EXERCISE DETAILS :: Search the listing below for lines that hold the word "American", and report only how many there are.

ENTRIES SHOWN ::
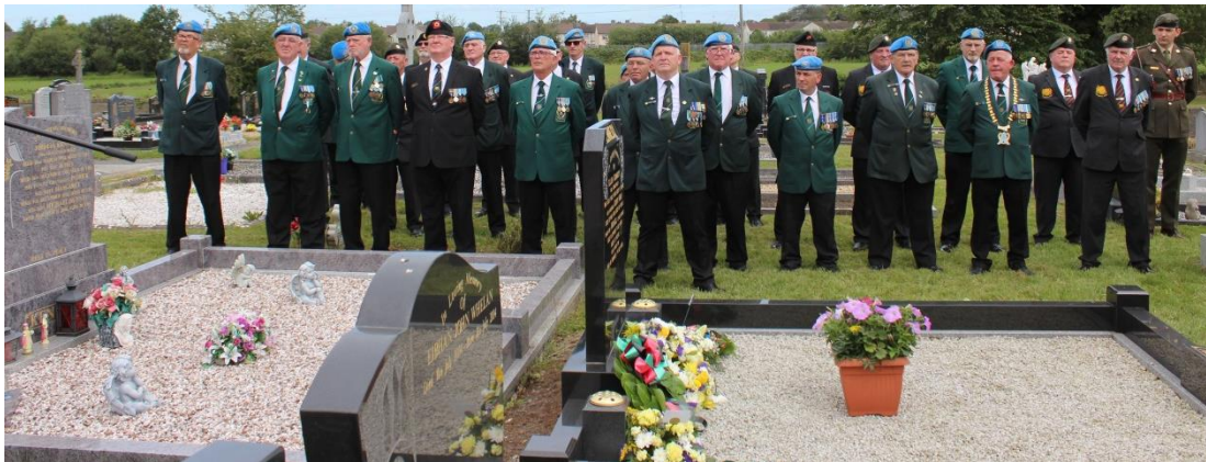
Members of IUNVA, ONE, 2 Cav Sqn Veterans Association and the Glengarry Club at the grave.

---

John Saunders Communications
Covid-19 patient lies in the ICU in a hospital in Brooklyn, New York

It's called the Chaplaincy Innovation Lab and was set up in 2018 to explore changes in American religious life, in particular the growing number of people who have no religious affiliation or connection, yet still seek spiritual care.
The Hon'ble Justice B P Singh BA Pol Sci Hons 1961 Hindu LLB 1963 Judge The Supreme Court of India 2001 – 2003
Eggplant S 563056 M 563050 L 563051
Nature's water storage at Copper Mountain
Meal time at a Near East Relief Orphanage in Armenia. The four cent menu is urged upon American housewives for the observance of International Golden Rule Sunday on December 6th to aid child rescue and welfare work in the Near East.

...

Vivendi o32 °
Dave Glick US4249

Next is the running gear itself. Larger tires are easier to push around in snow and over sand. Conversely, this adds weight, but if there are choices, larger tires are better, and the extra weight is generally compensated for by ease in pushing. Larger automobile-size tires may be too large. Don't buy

EXERCISE RESULT :: 2